Talia has realised that people are “way too materialistic” while Angela is definitely not going to store up any more towels and tupperware for her children’s glory boxes.
“Think of it as a good way to de-clutter,” Sergio said, addressing his wife.
Looking back
When Michael, who’s in Year 7 at Mazenod College in Lesmurdie, went back to assess the damage, he was hopeful that there might be something left.
He went to where his bedroom used to be, he said, but there was only half a bedroom left and he thought, ‘I used to be able to sleep there. I had stuff there.’
He saw the chilies and tomatoes in the vegetable patch that he and his mum were going to dry out. He realised they didn’t need to do that any more.
“It kills you sometimes when you think like that,” Sergio said.
He saw two of his old bikes. The handlebars had melted off the one he liked while the one that he never wanted anyway only suffered minor damage.
A tree that they wished was taken in the fire happened to remain behind as did the cubby they had built and a tyre swing that he and Luke had made.
A gnome that the Tucci’s painted when Michael was a one-year-old is still sitting in the front garden of their old home while a pizza oven Sergio built by hand is left standing out the back.
Angela said that seeing Sergio’s pizza oven was a sign that the family had to stay. Sergio, who’s a bricklayer by trade, built the oven with fire kiln bricks and Angela said that a lot of love and history went into it.
“We can still cook with that pizza oven,” Sergio said.
Michael said he was surprised by what was left behind.
“Whatever Dad built, stayed,” he said.
Looking ahead
Sergio isn’t dwelling on the past. He said that he and Angela have to be positive.
“Now it’s history as it always is. We’ll rebuild,” Sergio said.
“People are generous, people rally round and support you.”
Armadale Reptile & Wildlife Centre is looking after Michael’s pet lizard and feeding it well on a diet of pink mice, rice, broccoli and rats.
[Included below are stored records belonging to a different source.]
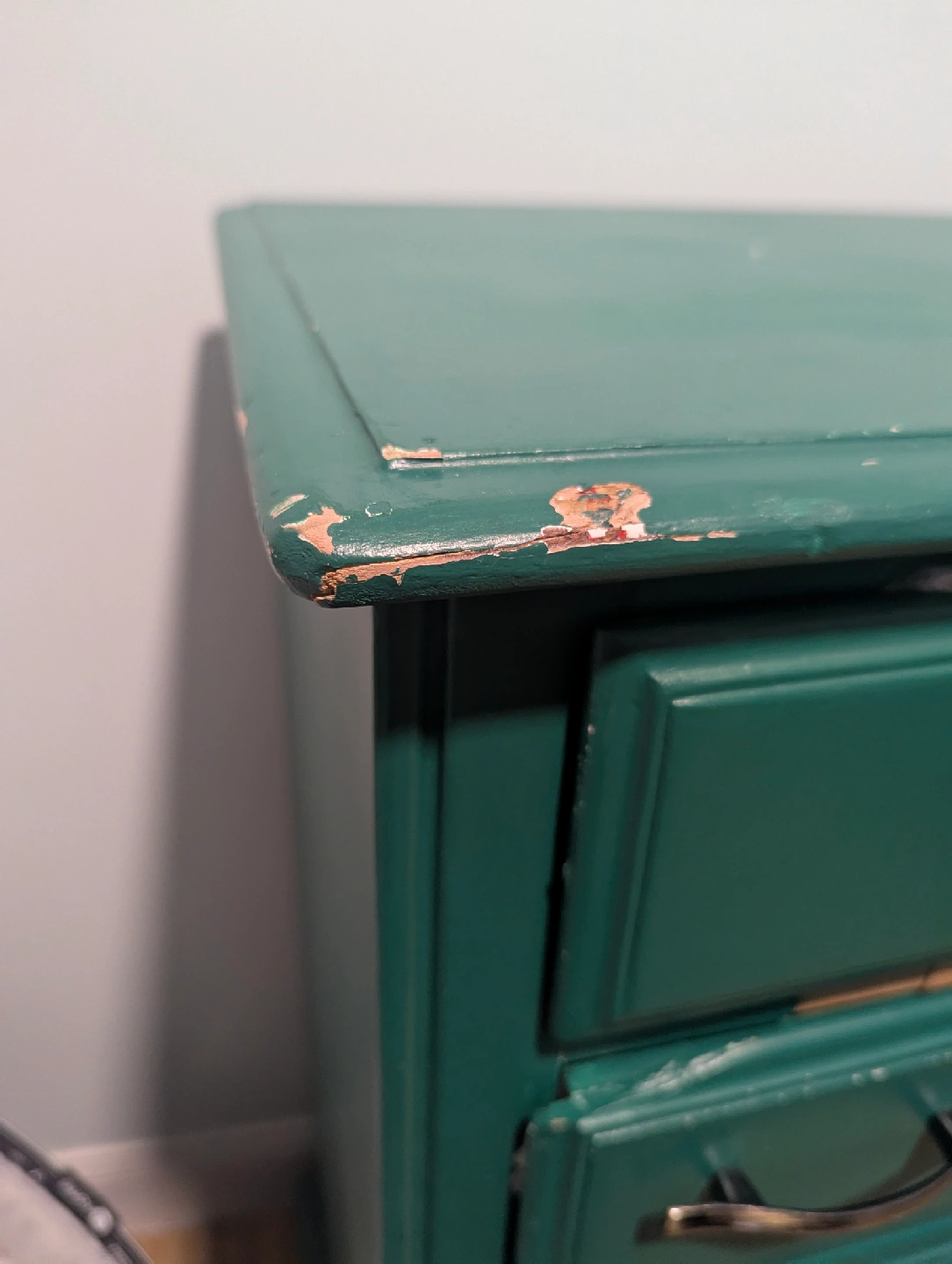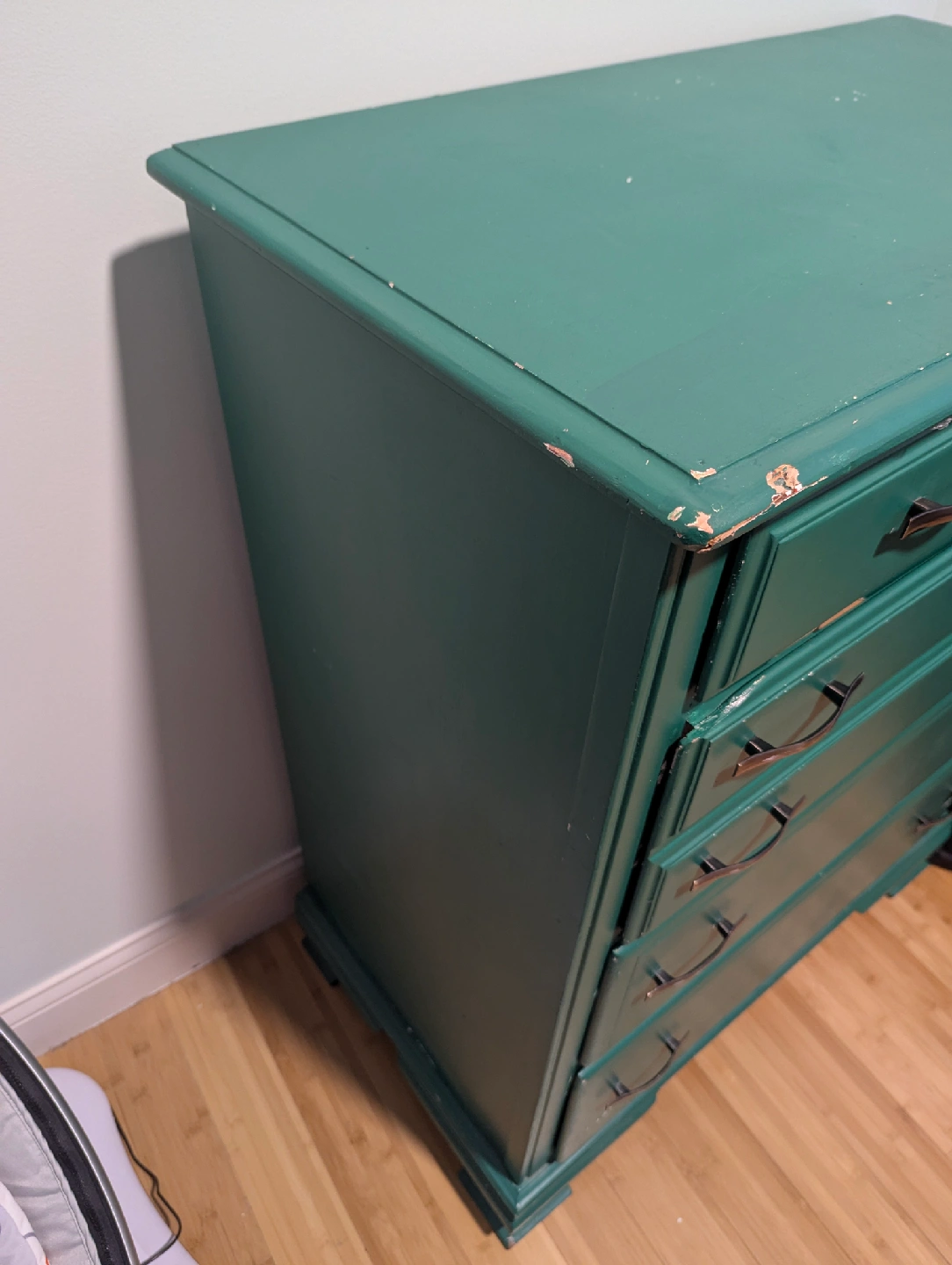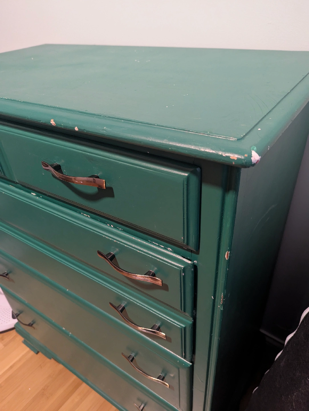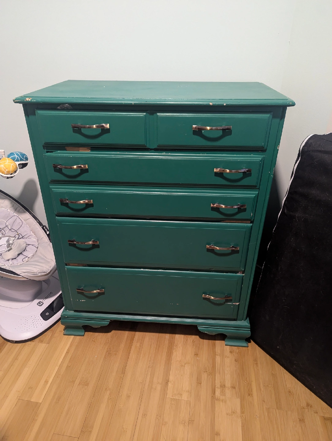 green, 3.5 drawer (top drawer isn't as deep) dresser. It's a great, solid wood dresser with a few dings from our last move. We need to make room for a nursery so it's gotta go.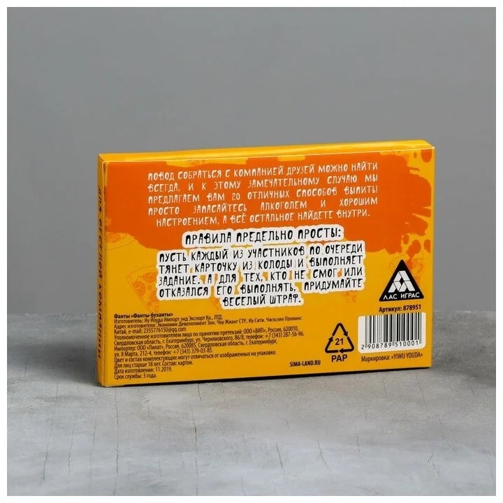 Купить игра для компании "фанты буханты" 20 карт от 100 руб. с доставкой до пункта выдачи в Перевозе. Интернет магазин ДекаМаркет. Оплата при получении.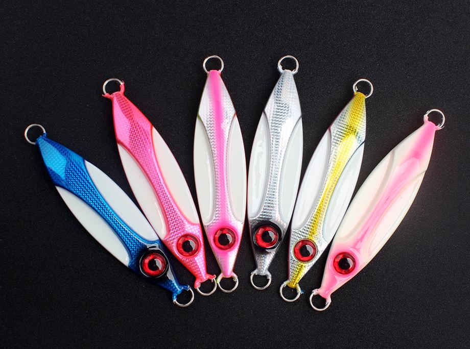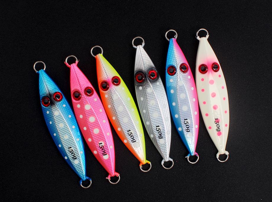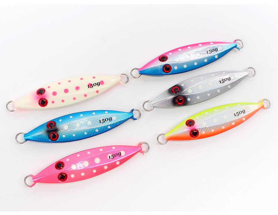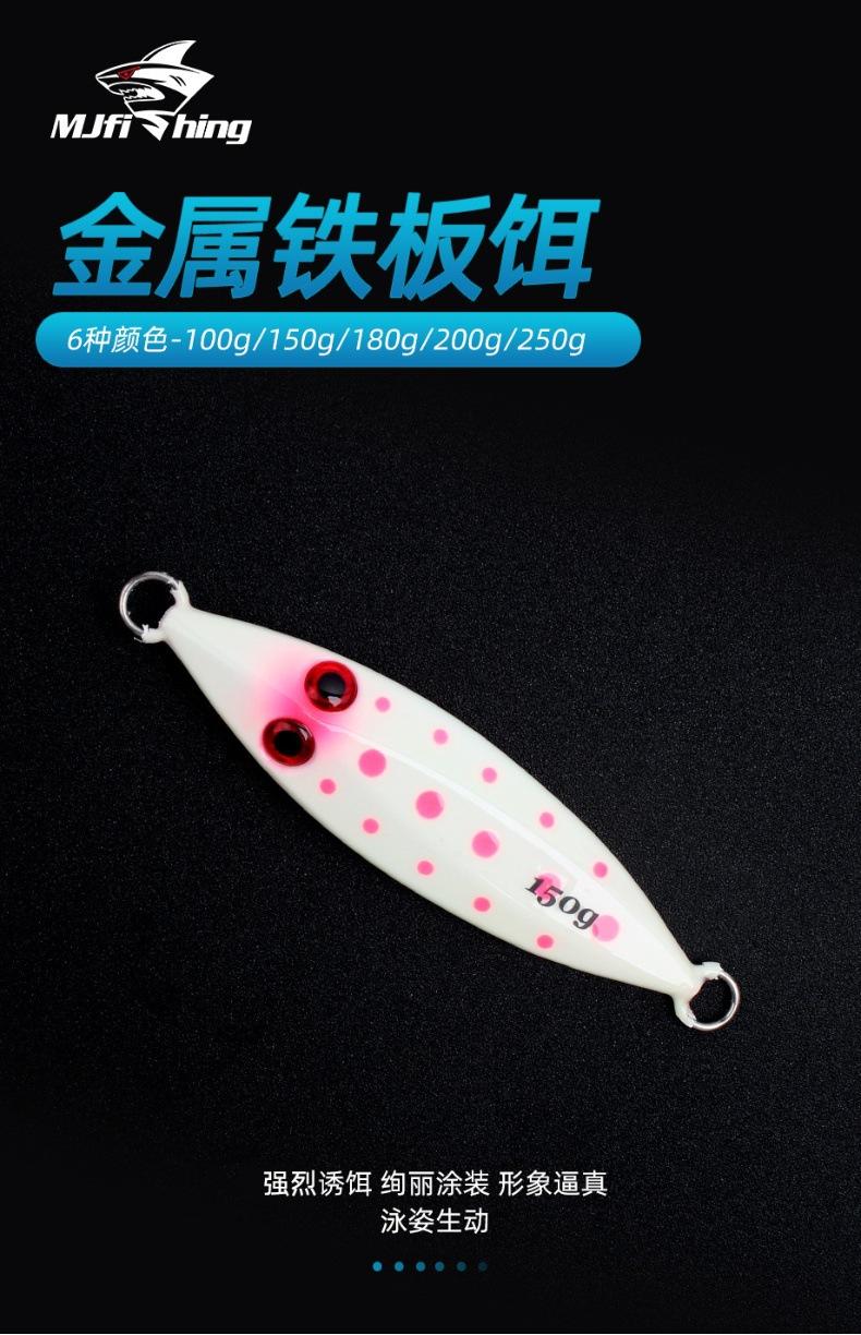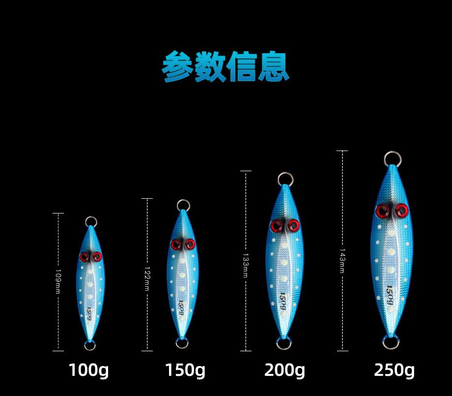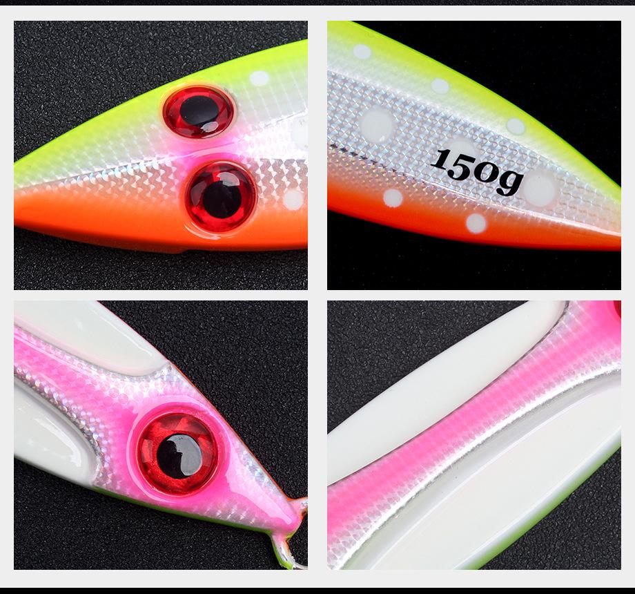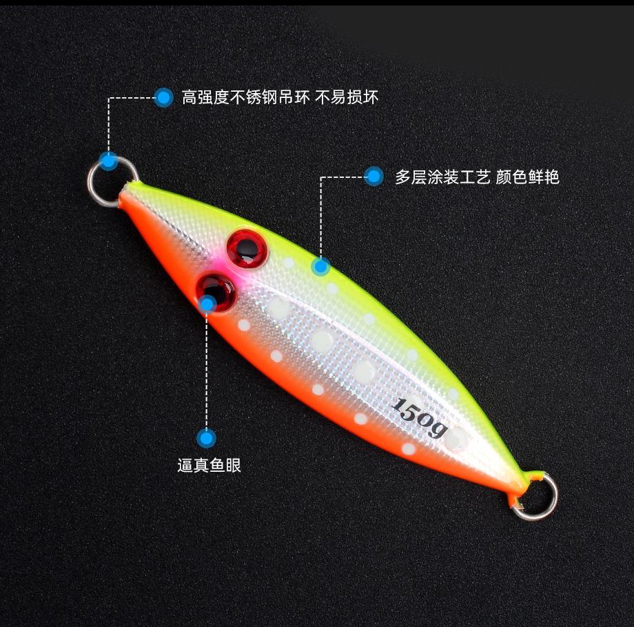 Cebo de plomo de placa desnuda de hierro Luya pesado de gran tamaño, cebo de pesca en el mar, cebo de pesca de arrastre, cebo falso biónico de cola de pelo de caballa luminoso.

Michael visits his pet on the weekend.
Talia, who’s in year 12 at St Brigid’s, Lesmurdie, is grateful that the fire came at the beginning of the year as she doesn’t have as many TEE notes to catch up on.
The teachers are helping her get back on track and happy to help her catch up at recess and lunch.
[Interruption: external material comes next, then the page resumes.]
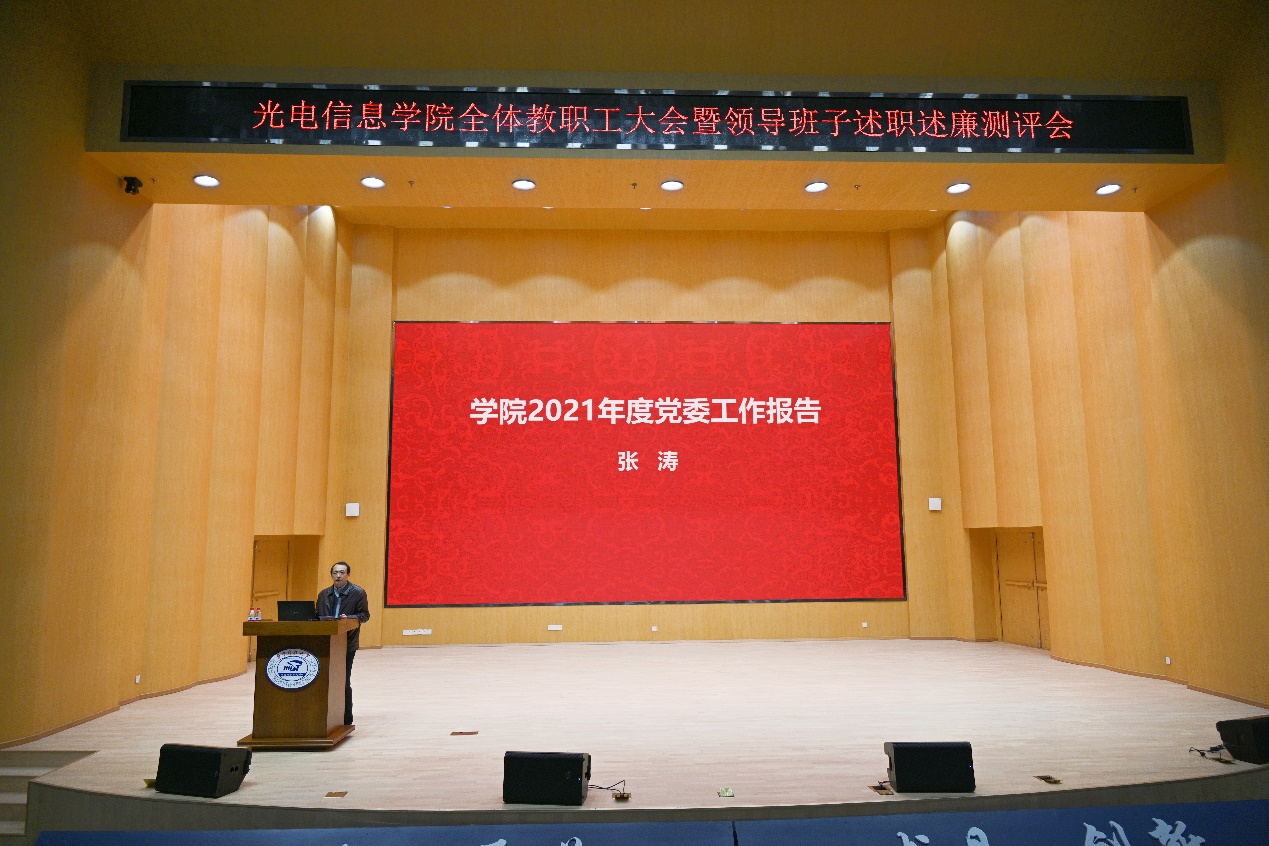 3月10日下午,我院在光电信息大楼C118会议室召开全院大会暨班子述职述廉测评会。大会包括学院2021年度党委工作报告、学院2021年度行政工作报告及2022年工作要点、全院教职工对党组织书记抓全面从严治党和基层党建工作情况、学院班子、中层领导进行民主测评、2021年度警示教育案例通报等四个主题。全院教职工参加了会议,会议由学院副院长吕文中主持。

The boarders at the school have given her an open invitation to stay whenever she likes, she said.
Epilogue
On 1 March this year, the Tucci family would have spent six years living in their 1987 ‘pole frame house;’ a split-level timber and brick home.
“I had my dream home for five years,” Angela said.
“Yes, and now you can get another one, Mum,” Talia said.
A melted steel frame still stands on the property.
Talia is hoping that demolition happens soon.
Even though they are planning to rebuild, Michael knows it won’t happen overnight.
“You have to wait till you get the money, then you have to level it out before you can start building,” he said.
“It’ll take six months to clean up and a couple of years to rebuild,” Sergio said.
“We have our moments but you’ve got to look forward. The plan is to take our time. For the first six months, we’re planning,” he said.